96 yıl önce Çanakkale-de ikili çete olan İngiltere ve Fransa-nın başlattığı saldırıda iki yüz elli binden fazla leşkerlerini bırakmış,onca maddi gücüne rağmen,iman gücünün karşısında mağlup olmuştur.
İki yüz bin şehidi kıtlık,soğuk ve imkânsızlıklar içerisinde vermiştik.
Bugün üçlü çete;Fransa,İngiltere ve Abd;Libyaya saldırmak için bahanesini buldu;Despot ,halkını öldüren Kaddafi.
Teşbihte hata olmaz; üç domuz bir ayıya karşı.Altta hırpalanan masum,mazlum,Müslüman halk.
Kendilerinin vurdukları çocuk ve sivil halk,Kaddafi-ninkini geçti.Irak-ta olduğu gibi.
Ortadoğu yüz sene önceki gibi şekillendirilmeye çalışılıyor.Libya’da petrol var.Avrupa-nın dördüncü büyük petrolüne sahip bir ülke.
Irak’ta kimyasal silah yalanı ile girildi.Libya-da şimdilik yok denilirken,daha sonra oldurulabilinir.
Yüz yıldır kafalarına göre yerleştirdikleri liderlerin miadının dolması üzerine, yeni yüz yılda kafalarını rahat ettirecek liderler bulma ve yerleştirme peşindeler.

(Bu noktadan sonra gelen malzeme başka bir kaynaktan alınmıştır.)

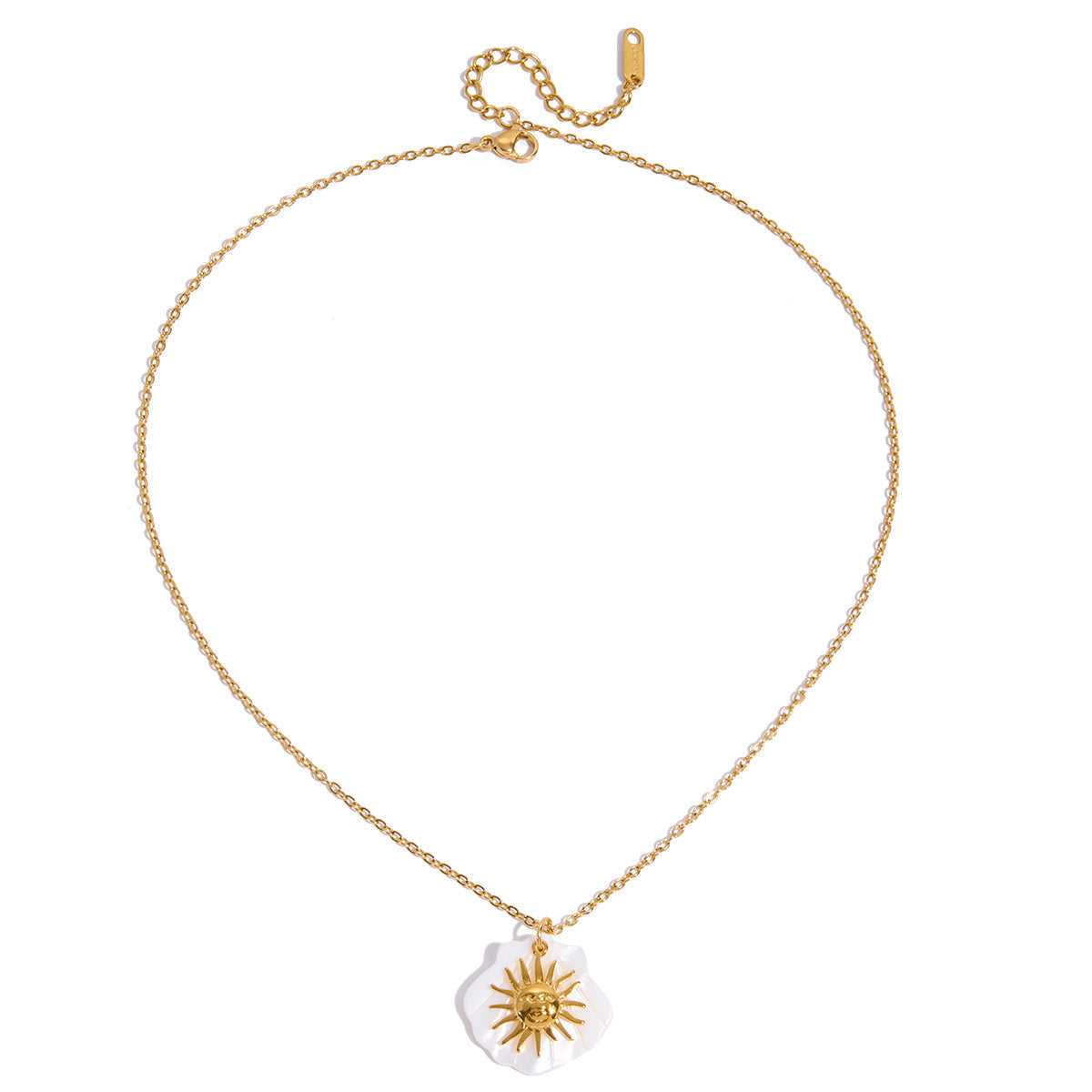 A celebration of oceanic mystique and warm, radiant light, the Zaniyah Pendant Necklace graces the décolletage with a touch of whimsical elegance. The luminous, shell-shaped mother-of-pearl beautifully frames the captivating golden sun emblem, creating a piece that feels like a precious treasure found on a sun-drenched shore. It is an exquisite statement for the woman who carries her own light and seeks jewelry imbued with sophisticated, feminine charm.

Saddam,Mübarek,Bin Ali ve Kaddafi’lerin yerine,adları değişecek yeni kuklalar aranmaktadır.
Başta Türkiye olmak üzere,İslâm dünyasının bu rollerin taksiminde yer alması,söz sahibi olması gerekmektedir.
Bunun ise en müessir ve köklü çözümü;ittihad-ı İslâmdan geçmektedir.
Belki domino etkisi yapan sarsıntı ve lider memnuniyetsizliği ittihad-ı islâmı mecburi hale getirmektedir.
Bu islâm dünyası için,bir namus ve şahsiyet meselesidir.Bekası buna bağlıdır.